The importance of using good displays

I saw a thread in one of the Sony groups where people were posting their desktops. It was the usual mix of machines, Windows and OSX, desktops and laptops, nothing out of the norm for photographers except for one little discrepancy. What struck me as odd was the focus on power over quality.

You may think I am talking about Mac vs PC but hopefully the title was a giveaway. When it comes to post processing photos, one of the most important considerations is the display because ultimately you are editing colour and to edit colour, you have to know that colour is accurate. The irony is that people select their cameras because of the relatively minor differences in colour, they complain that some lenses offer differences in colour, and they complain that the white balances of a camera has a big impact.

These same people pick powerhouse computers and then put the cheapest 4K display they can find, or a curved wide-screen display because it “looks really cool”. The impact of these displays is quickly evident in simple things like the brightness of their photos.

There are two key things to consider when looking at colour correct displays:

1. The display itself
2. The calibration of the display

I’m not going to cover specific monitors today, if I do this article will be outdated within a few months, let alone years and I don’t intend updating it.

Selecting a display

There are about 50 articles on the best monitors for photo editing at the time of writing, with recommendations on what to buy, as mentioned above, this will change month by month so I won’t cover it, but I will cover the basics.

Forget about resolution, go colour correct before resolution. Yes, you read correctly, it’s a common mistake I see people make. Unfortunately colour correct and high resolution don’t come cheaply, so if you can’t afford a 4K colour correct display, don’t buy a 4K display that isn’t colour correct, buy a non-4K that is. You don’t need to buy a Eizo to get a colour correct display, most photographers I know can’t afford Eizo, but brands like BenQ provide colour accurate monitors you can get for a reasonable price, by Eizo standards. Buying a good non-4K 27″ display is going to set you back $600, something like a SW2700 although this price will come down as time goes on and 4K display become cheaper. Jumping to the 4K version of the same display (SW271) nearly doubles the price to $1100.


Image from BenQ website

Secondly, size isn’t always as important as you think. We all like to think that putting a massive 36″ wide-screen on our desk will look awesome, but when you start editing photos, it actually doesn’t make that much of a difference. I was set on the 32″ but when I had the 32″ and 27″ 4K displays side by side editing on both (before I purchased they had in store demos of both setup with Photoshop) and I found the 27″ was actually better to edit on, for me at least. It’s not to say that applies to everyone, but

Don’t buy curved panels. They are designed for gaming and other applications, not photography. There is a reason they don’t make curved photography panels, it comes down to simple things like making straight lines look curved.

Calibrating a display

Yes, even a good display requires calibration. Some display will come with calibration built-in, but for most you will have to buy a calibration tool.

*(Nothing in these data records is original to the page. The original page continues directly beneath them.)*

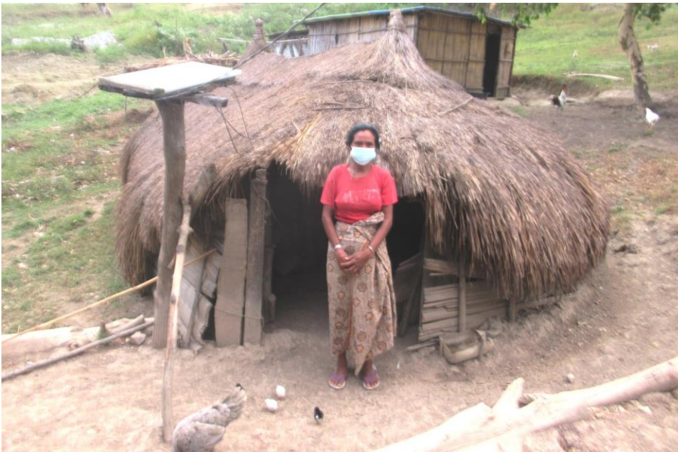
The CCC team has distributed masks and soap to many remote villages along the border with Indonesia.

Additional funds will soon be available as the CCC has successfully applied for funding through international NGO Give2Asia to provide food relief to more than 200 families.
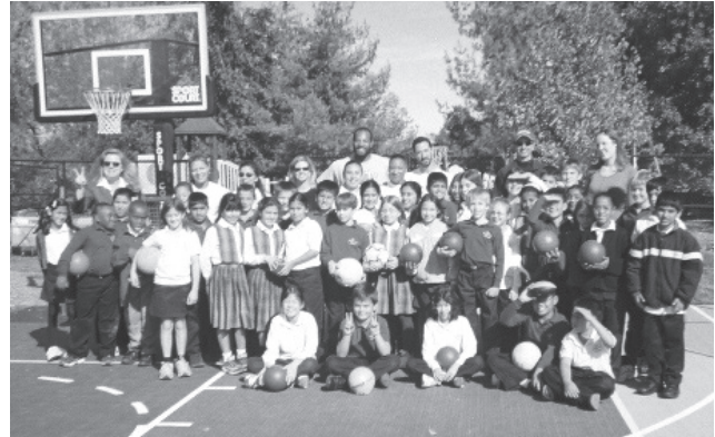
Students, teachers and parents at the Jefferson School show their support for ending homelessness.
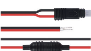
12V DC Power Lead - Suit GX600 / GX600D
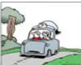
I just had to get out of the house without you for awhile. Look!
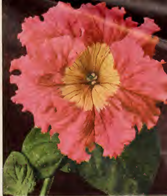
PETUNIA GIANTS OF CALIFORNIA

One packet each of the four King Larkspurs, plus one packet of Giant Imperial Larkspurs Mixed (5 pkts.) for 80c
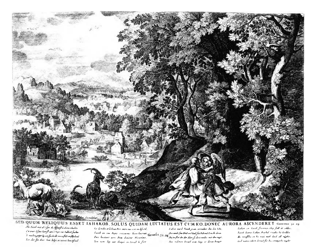
FIGURE 4. Anonymous, Jacob Wrestling with the Angel. From the Historiae Sacrae Veteris et Novi Testamenti (Amsterdam: N. Visscher, ca. 1670) (Photo: Courtesy Trustees of the British Library).
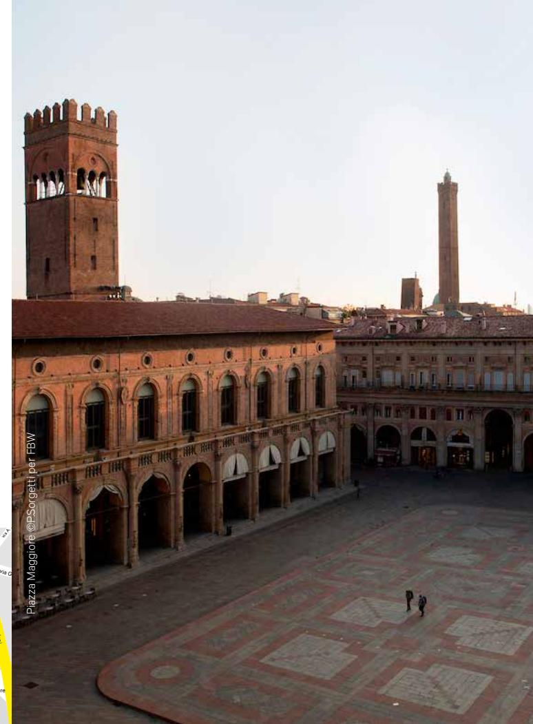
Piazza Maggiore
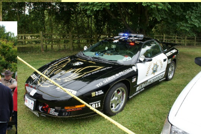
The display of American police vehicles at the Essex County Car & Motorcycle Show
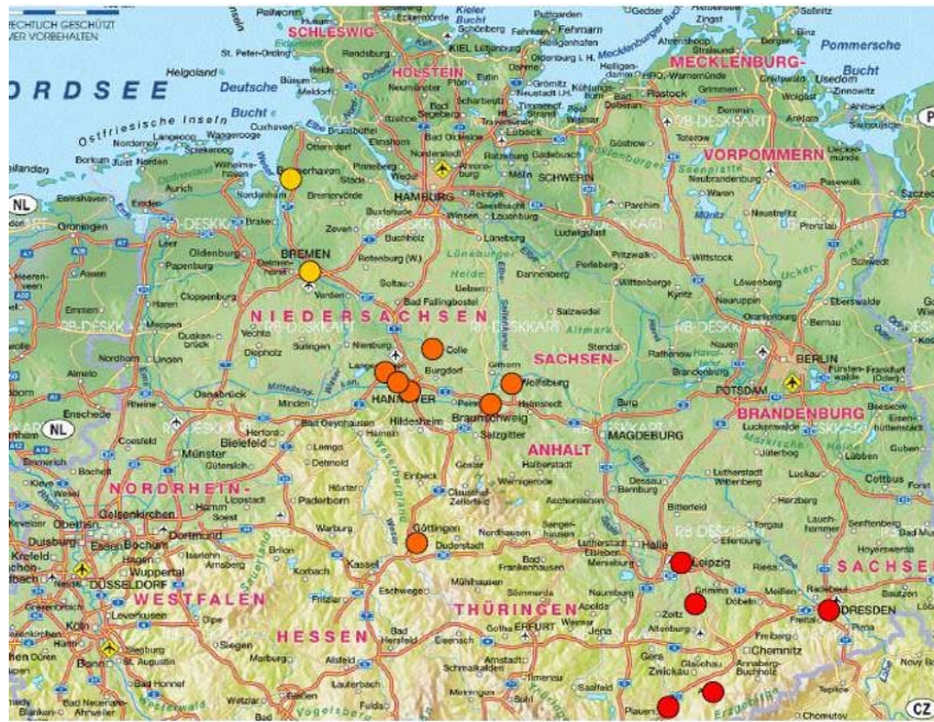
Figure A1: Pro Kind Locations

Note: Orange points indicate locations in Lower Saxony, yellow points in Bremen, and red points in Saxony.
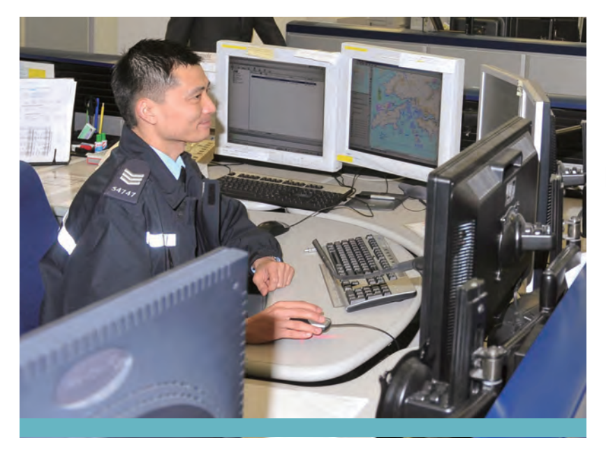
水警總區「海上警視系統」內的「中央指揮系統」,獲得2011 香港資訊及通訊科技獎三項大獎。 The Central Command System of the Versatile Maritime Policing Response Project wins three awards in the Hong Kong Information and Communications Technology Awards 2011.

More than 1 500 network computer terminals were replaced in 2011 and nearly 3 000 new desktop and notebook computers were distributed to officers, thereby ensuring that they are equipped to provide services as efficiently as possible to the public.
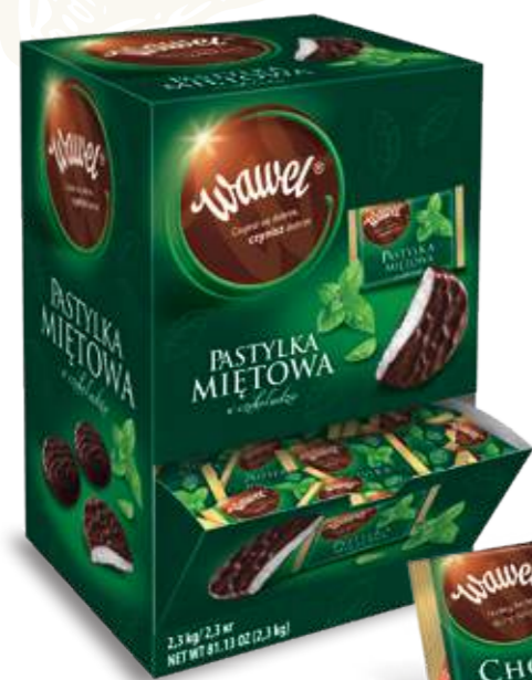
3 CHOCOLATE MINT - chocolate coated mint pastilles
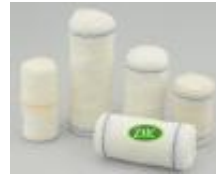
100% Cotton Crepe Bandage
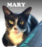
MARY Mary (under a year old) and Sydney (6-8) are both FeLV+. They must be "only cats" or with another FeLV+ cat.
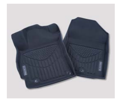
Premium All-Weather Floor Liners

Winter tires have specialized rubber and tread to handle the cold temperatures resulting in better traction, handling and braking. Mount your tires on a set of Hyundai steel wheels and spare your alloy wheels from the corrosion caused by salt and slush.
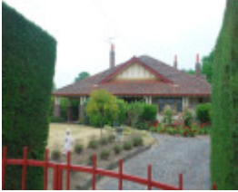
BANOOL SOHE 2008
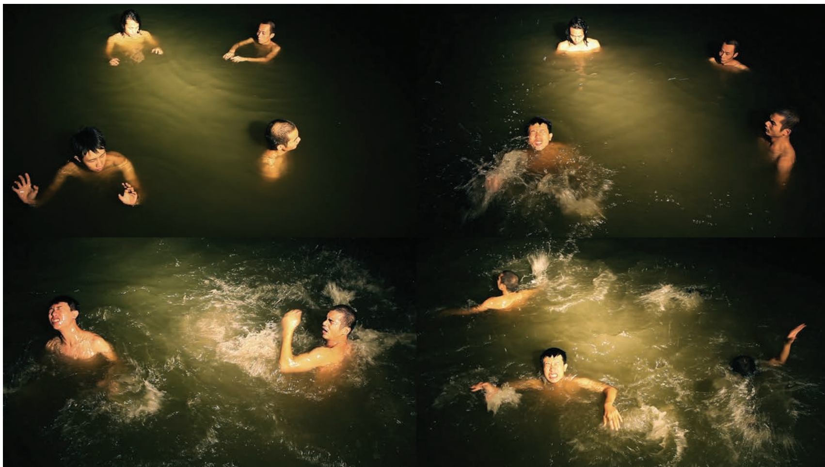
绝望表演 | 单频录像 Performing with Despair | Single-Channel Video | 3' 9" | 2013 | CXY_2488 | Ed. 6
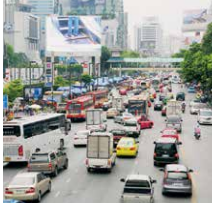
Busy street in Bangkok

You can pick up a decent low-end colour calibration tool for around $129 (Spyder Express) at the time of writing, there is no excuse not to calibrate. If you can’t afford a colour calibration tool, select a cheaper display. The colour calibration process (when complete) will show you how much of a difference your colour calibration makes when it completes and you can compare them, in many cases it’s a substantial difference, like moving the white balance temperature slider by about 500 Kelvin. That’s a big difference to pictures when you look at the difference side by side, so if you think calibration isn’t impacting your photos, try putting two of the same photo side by side with one adjusted by 500 and ask yourself if you are prepared to take that risk.


Image from BenQ website

It’s important to remember that not all calibrators are created equal. Some calibration tools allow you to adjust monitor brightness as well (if the monitor supports it). Brightness can have a big impact on your photos. If you have ever seen someone constantly posting under exposed photos on Facebook, this is normally as a result of the monitor brightness being set too high, so they have the distorted impression their photos are correctly exposed when they are not.

What about all in ones like the iMac

It really depends on the all in one device you are looking at. Apple’s iMac, particularly the newer 5K versions aren’t terrible and with a calibration device you will be okay, but it’s not going to a match a dedicated photo display.

Before buying, I’d recommend checking specs and reviews of the display to make sure you are getting something that is suitable. If it’s cheap, chances are it isn’t photo grade, there are no price miracles in photo displays, you get what you pay for.

What would I recommend?

In simple terms, I’d recommend the best you can afford. If that’s Eizo, then get it, if its BenQ, then go for that, but whatever you get, make sure you don’t make the mistake of buying a bad display because you want 4K.